India’s Finance Minister Nirmala Sitharaman
New Delhi [India], March 28 – India has taken two landmark steps as the world’s second most populous country battles coronavirus (Covid-19) pandemic amid a nationwide lockdown.
From a fiscal standpoint, it announced aRs 1.7 lakh crore package aimed at low-income households and the poor. This will be done through a combination of direct cash transfers, food security measures and fuel subsidies.
Besides, frontline medical staff like doctors, nurses, paramedics and medical sanitation workers will be provided with medical insurance of Rs 50 lakh each. Prime Minister Narendra Modi ordered a nationwide lockdown that came into place on March 25.
From a monetary perspective, the Reserve Bank of India (RBI) unveiled a series of measures to boost liquidity by changing key interest rates. As a result, it expects to inject about Rs 3.74 lakh crore into the banking system.
However, experts say the relief packages will help only if it reaches those in need. With poor downstream supply chains and a vast informal sector workers, a limited-term basic income scheme must be introduced.
Japanese brokerage Nomura said the economic package, which amounts to 0.8 per cent of India’s gross domestic product, is important from the standpoint of social welfare but does not address the cash flow challenges faced by small and medium enterprises and other hard-hit sectors such as aviation, hotels and tourism.
But Finance Minister Nirmala Sitharaman said those affected directly, particularly the poor, migrant workers, women and other disadvantaged sections of the society will get the help they need.
The package offers 80 crore people each five kg of either wheat or rice for free per month over the next three months in addition to the same quantity they already get at highly subsidisedrates through the country’s public distribution system. Each of these households will also get one kg of its preferred cereal per month free over the next three months.

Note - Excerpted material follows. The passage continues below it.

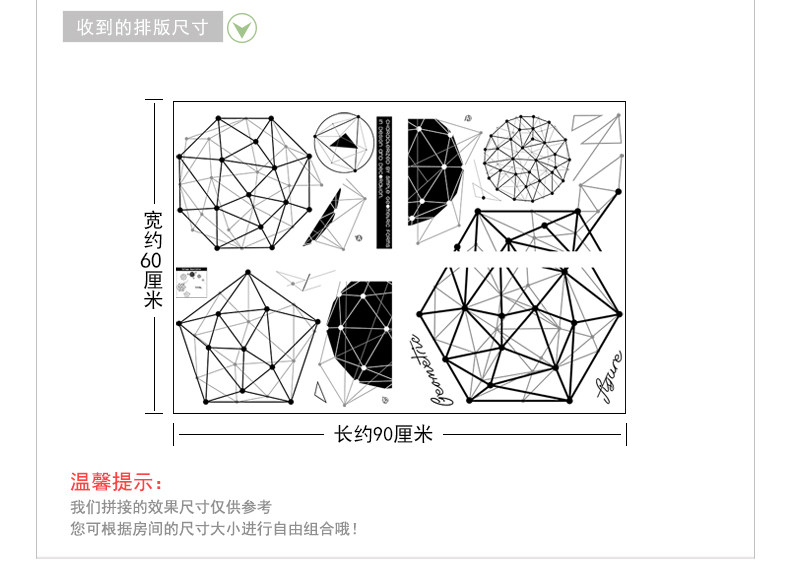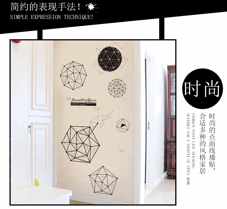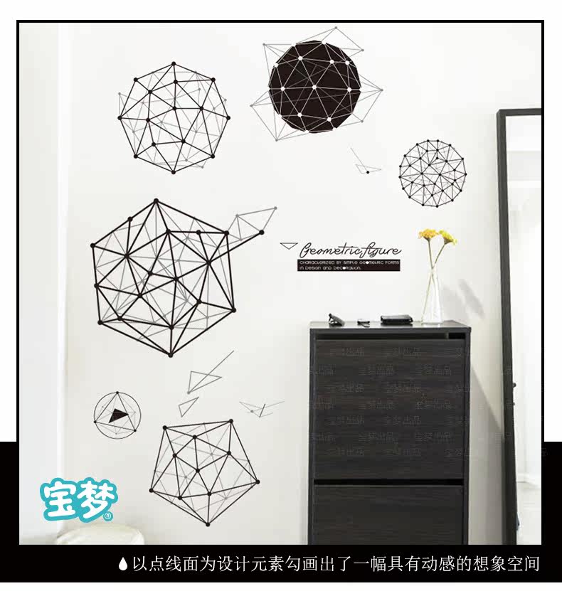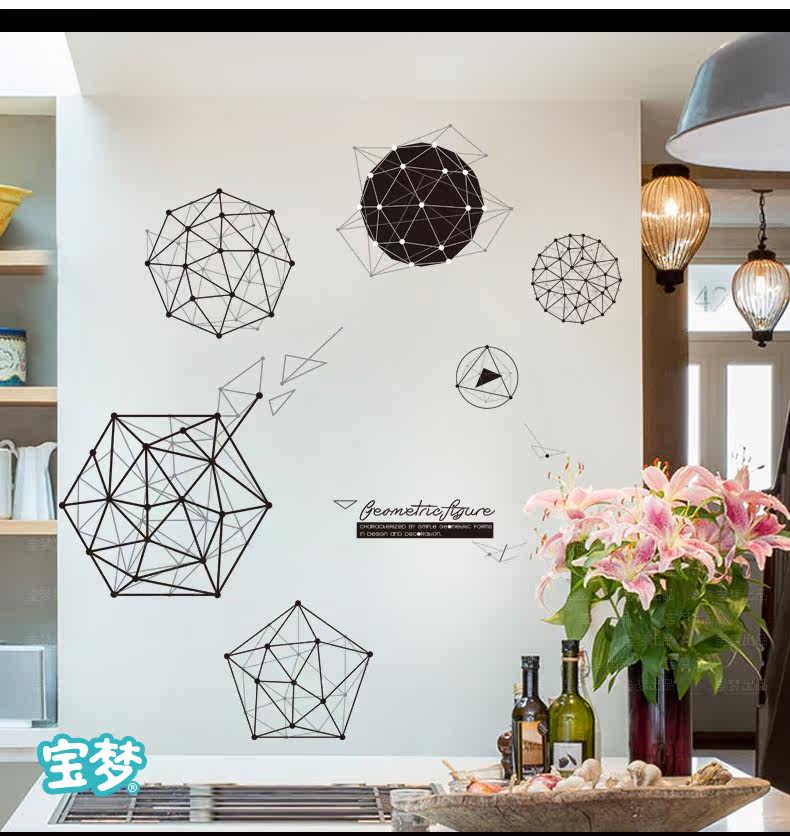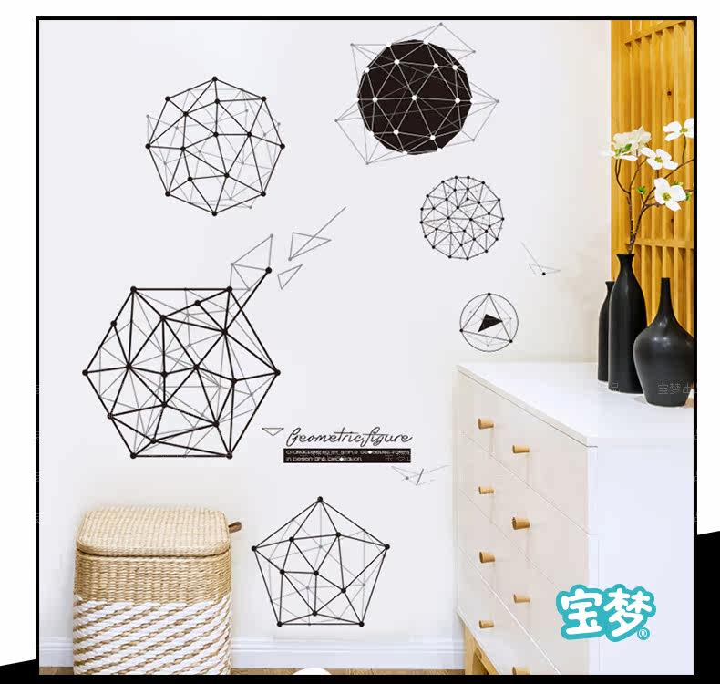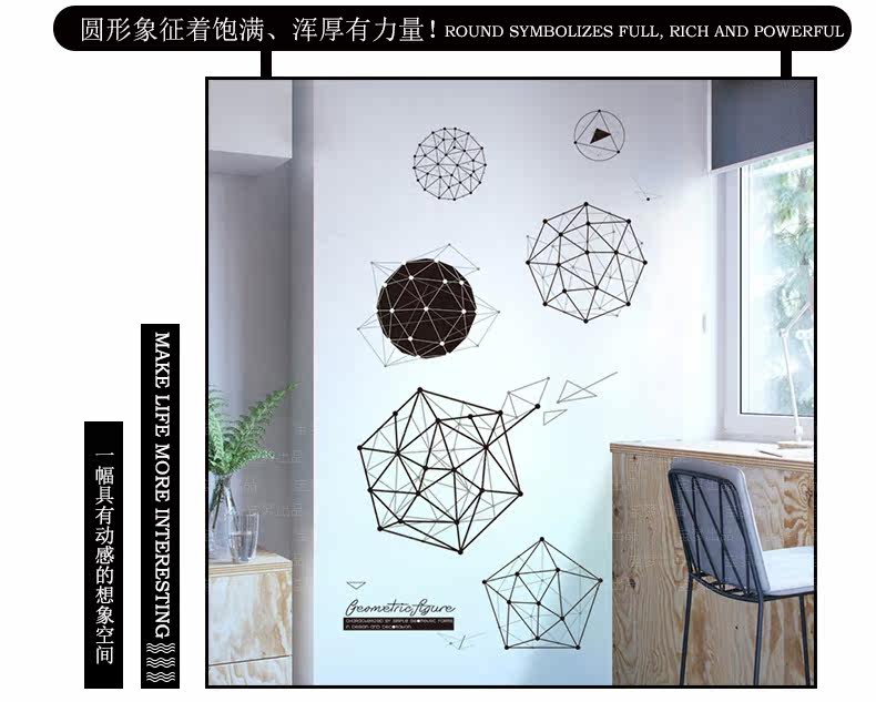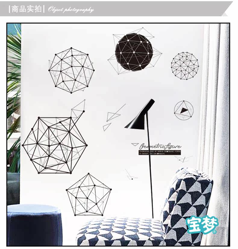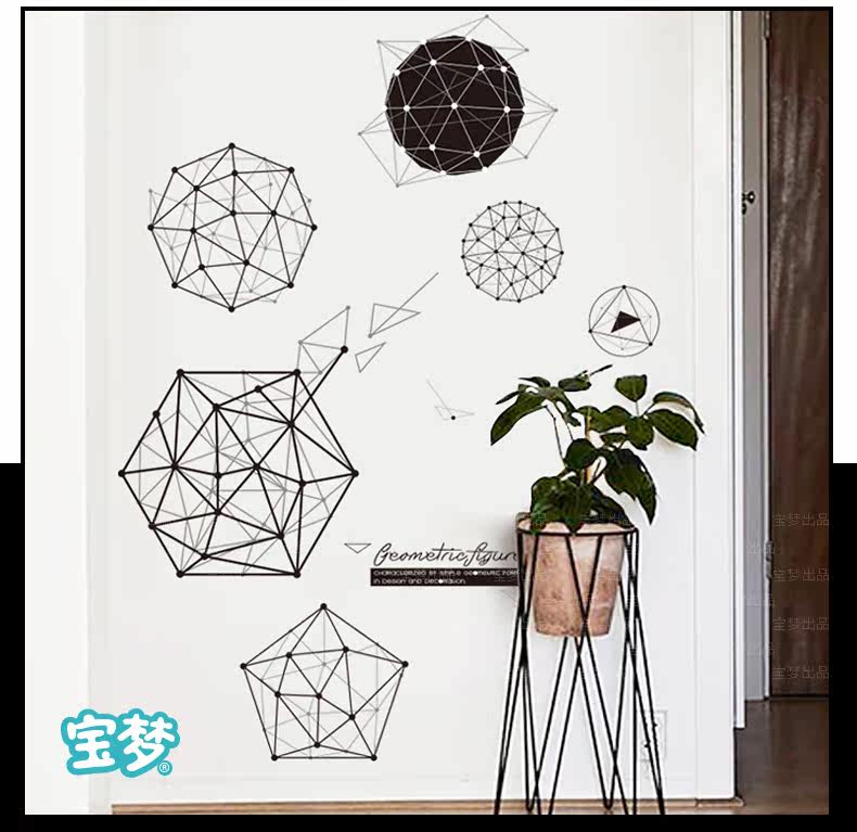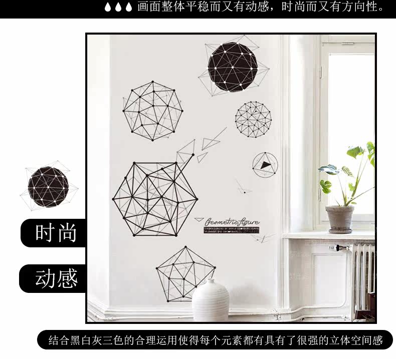创意几何立方体图案装饰品墙贴纸个性时尚现代客厅卧室书房壁贴画
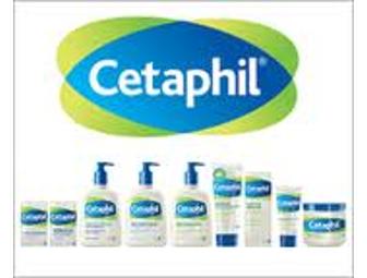 Assortment of approximately 10 full-size Cetaphil products including mouisturizers, sublock. Hand creams, bar soaps, and cleanser.

About 8.7 crore farmers will get Rs 2,000 each in the first week of April under a farmer welfare scheme which is already in place, she said. The wages of rural workers too will be increased, a move that will benefit five crore families nationwide.
“We do not want anyone to remain hungry so we will be giving enough to take care of their food grains requirement and protein requirements in terms of pulses,” the minister said.
The development come as economists from Morgan Stanley and Goldman Sachs now believe that Covid-19 is pushing the global economy into recession.
A global recession is now the base case, said Morgan Stanley economists led by Chetan Ahya. They see growth falling to 0.9 per cent this year. The Goldman Sachs team led by Jan Hatzius sees growth weakening to 1.25 per cent.
Both groups expect the global economy to rebound in H2. The recession will not be as steep as the 0.8 per cent contraction of 2009, according to the International Monetary Fund’s measure, but will be worse than the 2001 and early 1990s recessions.
But there is still a lot of uncertainty as to how long the spread of the virus will take and its economic consequences as factories, stores, restaurants and schools close. Other risks include slow government response and a freezing up of markets and credit.
China is projected to face the brunt of the economic contraction in the first quarter before rest of the world absorbs the second quarter hit, said Morgan Stanley. The country’s economy will shrink by 5 per cent in the first quarter before rebounding to expansion through 2020.
While the US economy will contract by 4 per cent in the second quarter, the eurozone will face the biggest drop with full-year growth slipping to minus 5 per cent, the economists added.